I am studying a PhD in Intelligent Cinematography (Y2/3). My research is focused on Dynamic Neural Radiance Fields for cinematographic applications. The project is supervised by Dave Bull and Pui Anantrasirichai and funded by My World.
I completed an MEng in Electronic Engineering with AI (First Class) at the University of Southampton. My dissertation focused on describing philosophical, legal and social decision making frameworks with machine learning algorithms; supervised by Mark Weal.
The first (comprehensive) review of computer vision research in the context of real video content acquisition for entertainment. To establish a structure, we categorise work by General, Virtual, Live and Aerial production, and within each category we discuss various machine learning applications and their links to other forms production. We also provide category-specific comments on future works and discuss the socail responsibilities for conducting ethical research.
Moving towards robust NeRF evaluation using synthetic datasets for point-based architectures. This focuses on point-quality and biases involved with various training and test camera distributions to derive metrics for scene complexity.
We focus on improving the compactness of 4-D NeRF representations while reducing GPU utilization so that we can run large datasets without high performance compute; with minor drop in performance. See webpage for results.
We provide an overview of Dynamic NeRF and Gaussian Splatting research in the context of cinematography and explore the use of these technologies (Nerfacto, 4D-GS and SC-GS) to produce (very) short film. Topics discussed: (1) Dynamic representations, (2) Articulated models vs Scene-based modelling, (3) Data collection
We produced three unsupervised general trend detection models models which. My part focused on detection using variance-related errors. This allowed for comprehensive evaluation of monotonic and heteroscedastic trends and was capable of detecting various behaviours that classical and SoA approaches can not.

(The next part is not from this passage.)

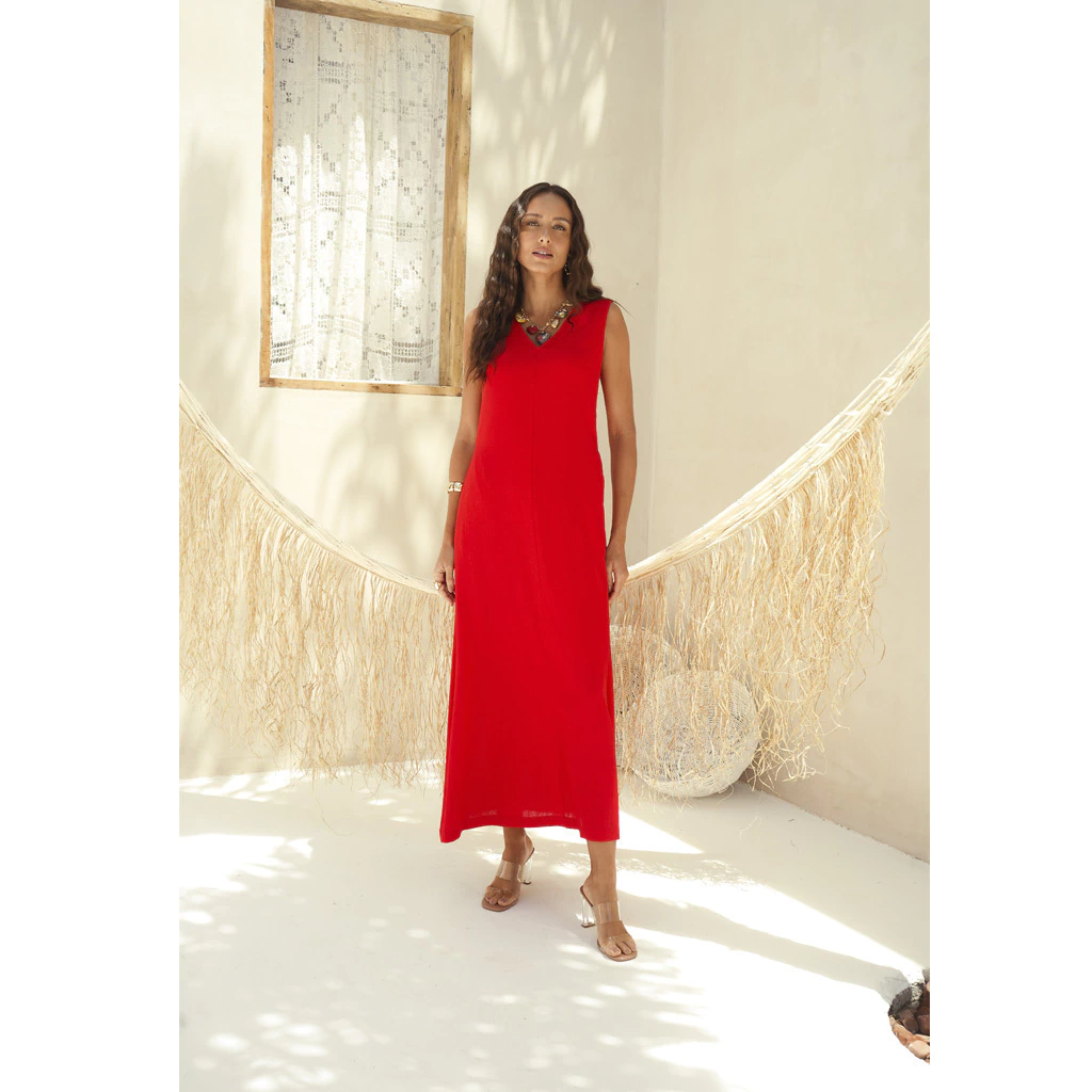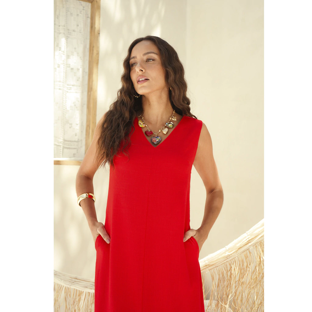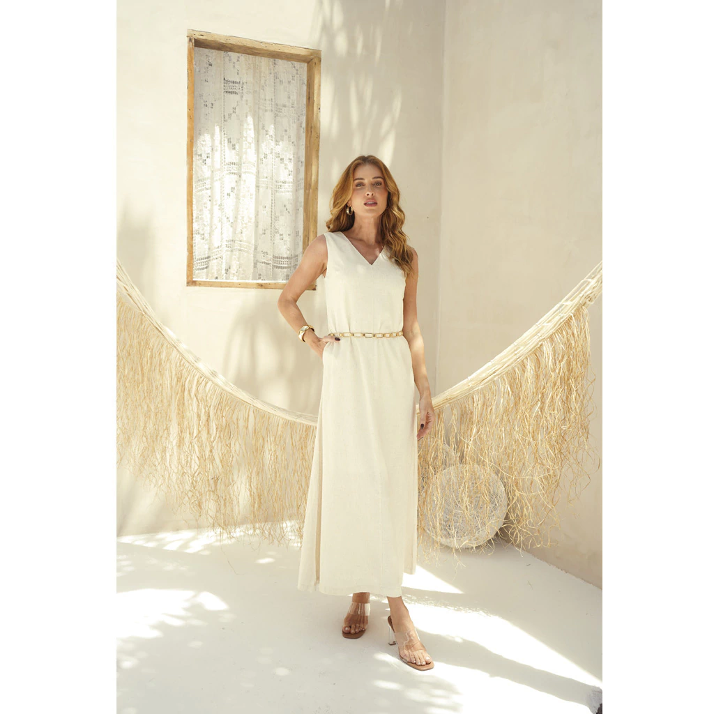Vestido Reto Decote V Tereza – Elegância com Praticidade

Additionally, I investigated multi-scale detection for non-uniformly distributed data using a binary change-point detection algorithm to control the window size for evaluation. Documentation here.
By relating classical ML techniques to well defined philosophical, social and ethical frameworks I developed a machine learning algorithm to resolve casual social dilemas. Given a set of possible outcomes, this: (1) selects the appropriate philosophical/social/ethical model based on generally accepted criteria, (2) simulates each model and derive scores for the various resolutions, (3) applies a weighted fusion to make a final choice, and (4) provides reasoning for the choice by refering to the selected models and scores. Documentation here.

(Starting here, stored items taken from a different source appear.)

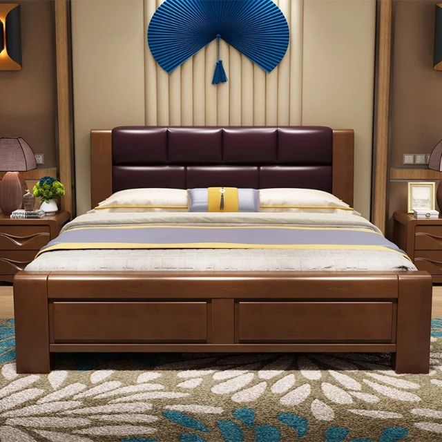 Gold Walnut Solid Wood Bed Double Bed 1 8m Simple Modern Wedding Bed Master Bedroom 1 5m High Box Storage Bed Shopee Malaysia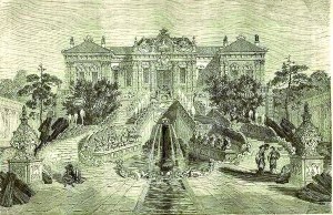 建筑物前面有十个窗口,与阁楼一起在前面排列,两座建筑物的两端也向前突出。这三个部分的大门是用壁柱装饰的,分列在前门的两边。门顺着两边的楼梯一直延伸到庭院和花园。每一个楼梯的两侧都有喷泉,沿着喷泉的轮廓还摆满了盛满花的花瓶。这些楼梯边的喷泉和凡尔赛宫的圣云起到了同样的效果,只是这里的喷泉池壁上刻着部分龙的图画。三角形的水池两侧排列着12种动物,都是不一样的属相,每排六个,中国人叫十二生肖神。人们可以根据这些动物来判断时间,因为在每一天的每一小时,以及一年四季里,这些动物在水池中的倒影都是不一样的。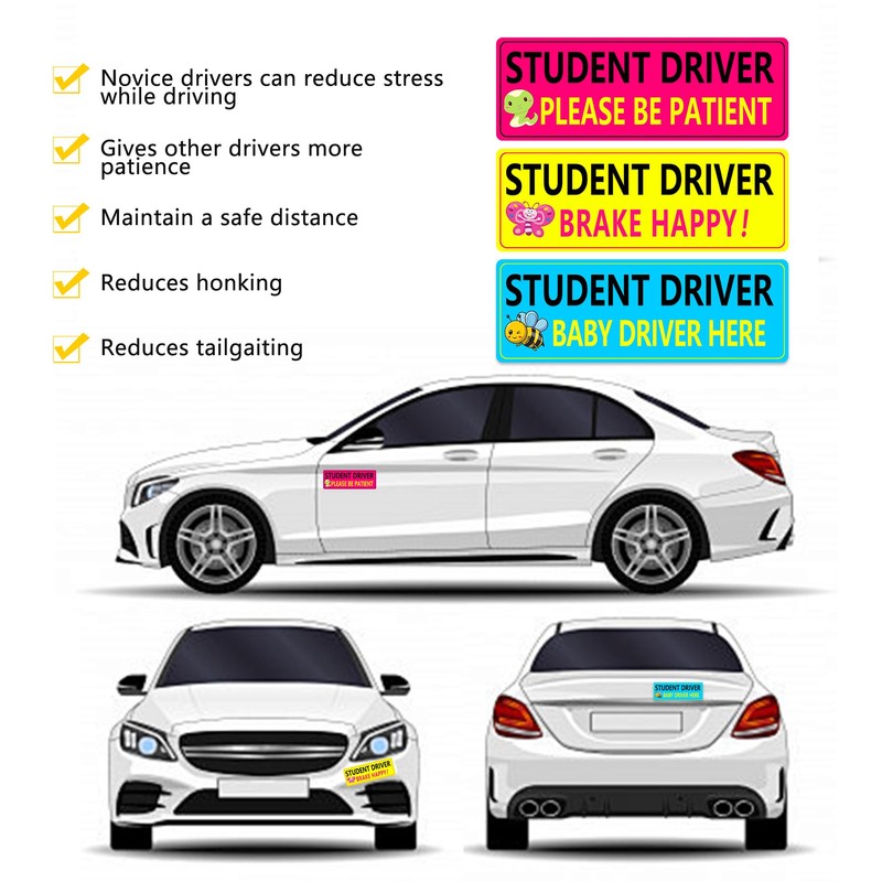 • Student Driver Car Magnet: Made from high-quality vinyl, the student driver magnets is resistant to scratches, fading, and weather damage. It can withstand exposure to sunlight, rain, snow, and extreme temperatures without losing its color or shape. This durability ensures that the sticker remains in good condition throughout the student's learning period.

The problem: You are blind, in a maze and fires appear randomly arround you each time you take a step. Can we resolve the maze unsupervised? This looks at deep Q-learning approaches to solve the maze and compares results for Deep-Q, Duelling Deep-Q, Rainbow algorithms. Additionally, I investigated combined experience replay and compared the greedy episilon and Boltzmann eplxoration methods. Code here.

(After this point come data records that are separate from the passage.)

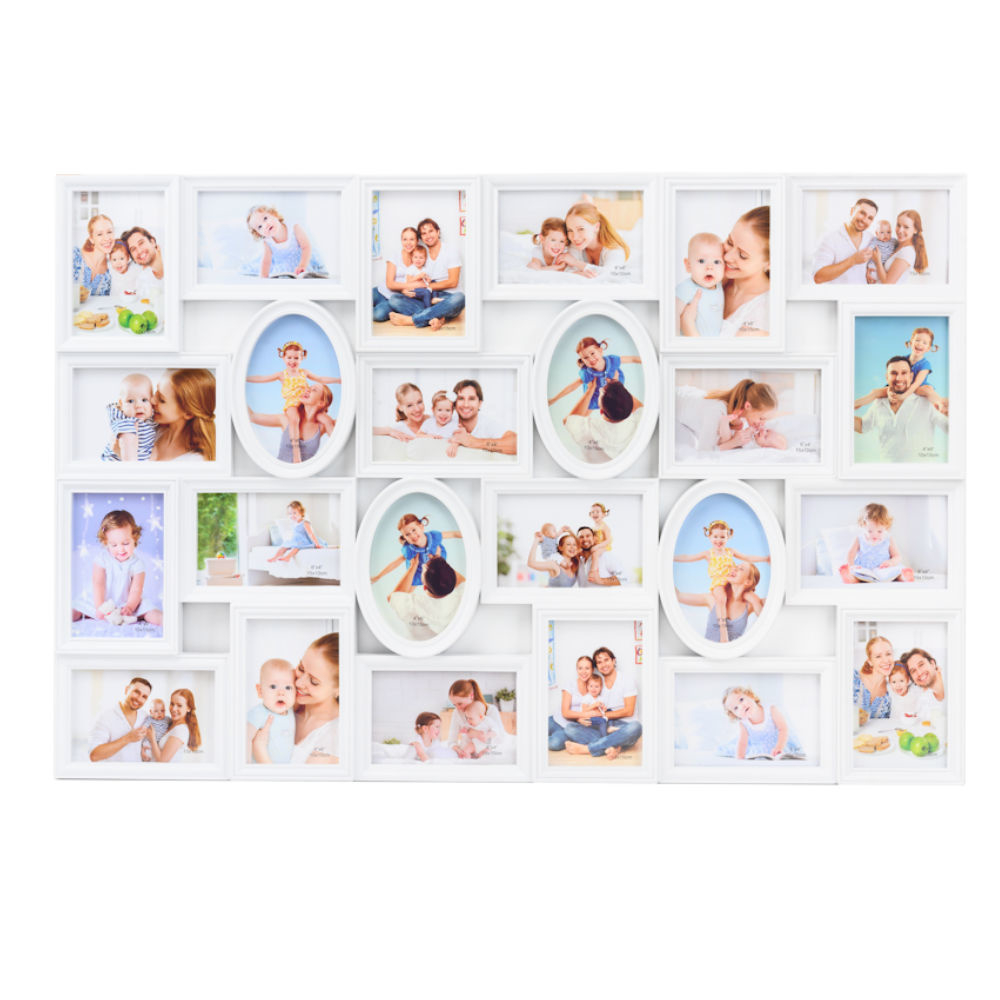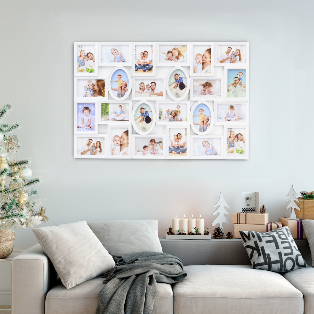 Alle foto‘s van die geweldige momenten welke je met je familie, vrienden of op vakantie hebt meegemaakt slingeren nu nog vaak rond in je la of op de harde schijf van je computer of telefoon? Deel met deze grote fotolijst deze prachtige foto's met de nieuwsgierige kijkers! Creëer zelf een persoonlijke fotocollage met behulp van deze uiterst decoratieve fotolijst. Hij biedt ruimte voor in totaal 24 foto‘s. Dankzij de ophang haken aan de achterkant kan je zelf bepalen of hij verticaal of horizontaal wordt opgehangen.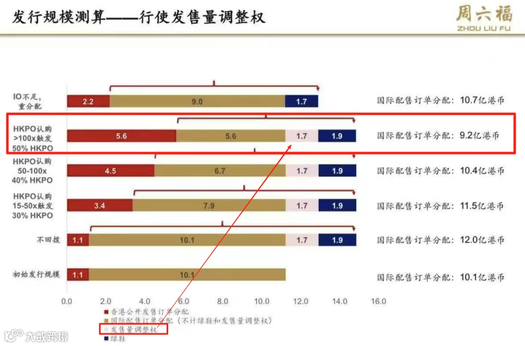 再者,还可以行使15%的发售量调整权,多募资一些钱。类似周六福那样行使发售量调整权,多增发的1.7亿的资金。
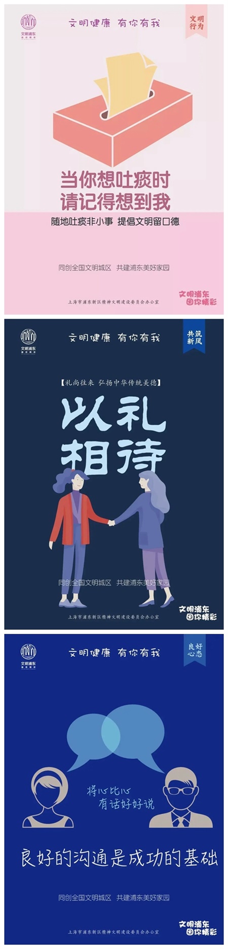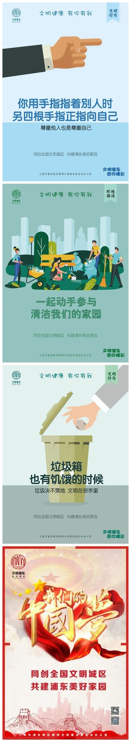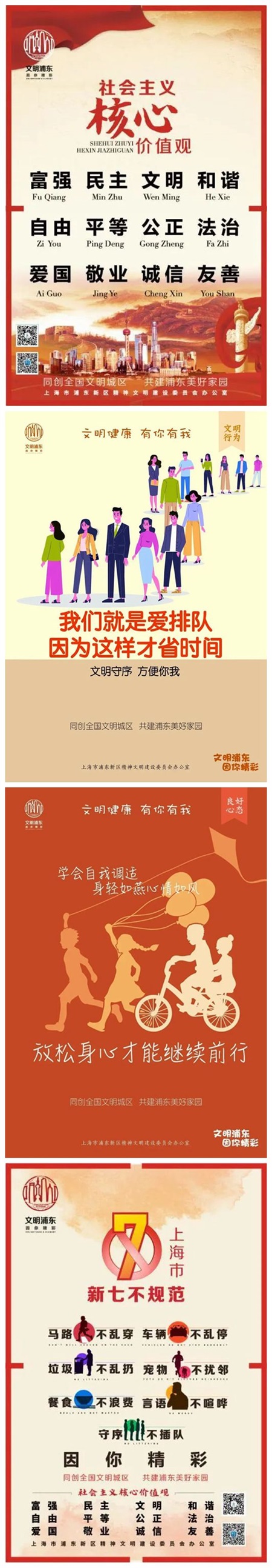 让文明常在脚下  文明行路,不乱穿马路、不闯红灯,不翻越交通护栏,自觉排队候车、有序上下车,不拥挤、争抢座位,主动为老、弱、病、残、孕及怀抱婴儿者让座;文明驾驶,不乱停车、乱抢道,非机动车按道骑行,机动车让行斑马线,不接打电话,不向窗外抛物,酒后不驾车;多走路少开车,倡导文明绿色出行;积极参加社会志愿服务和各类公益活动。 文明城区,你我共建;文明城区,你我共享。让我们携起手来,凝心聚力,践行文明,传播文明,浦东文明将因您的参与、支持、奋斗而更加精彩!浦东再出发,文明我先行!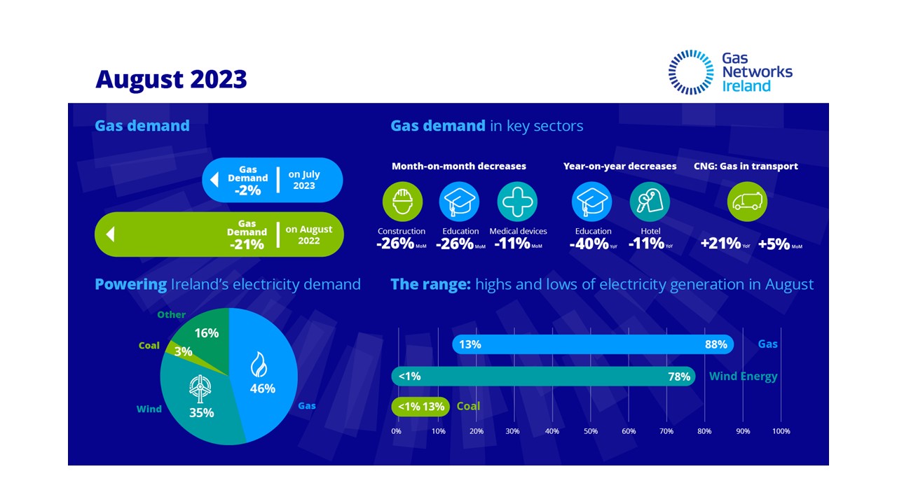 In a mild and changeable August, gas demand dropped by 2% on July and fell by 21% when compared to August last year.

I reproduced and extended the proposed Genetic Algorithm; which focuses on replicating the conditions of grouping and dispersal in bacterial micro-colonies to provide insight into cooperative structures. The extension focused on better representing individuals to allow for imprecisions in their understanding of the simulated environment. Paper and code found here.
A reproduction of, Are Neural Nets Modular? Inspecting Functional Modularity through Differentiable Weight Masks (ICLR '21). We reproduce the proposed tool for inspecting functional modularity and tested it on a range of NN architectures (namely CNNs and RNNs).
We wrote a comparative short paper on evaluating various linear and non-linear strategies for multi-objective sensor distribution for general irregular (agricultural) fields; supervised by Jose M. Pena. This primarily uses unsupervised differential evolution.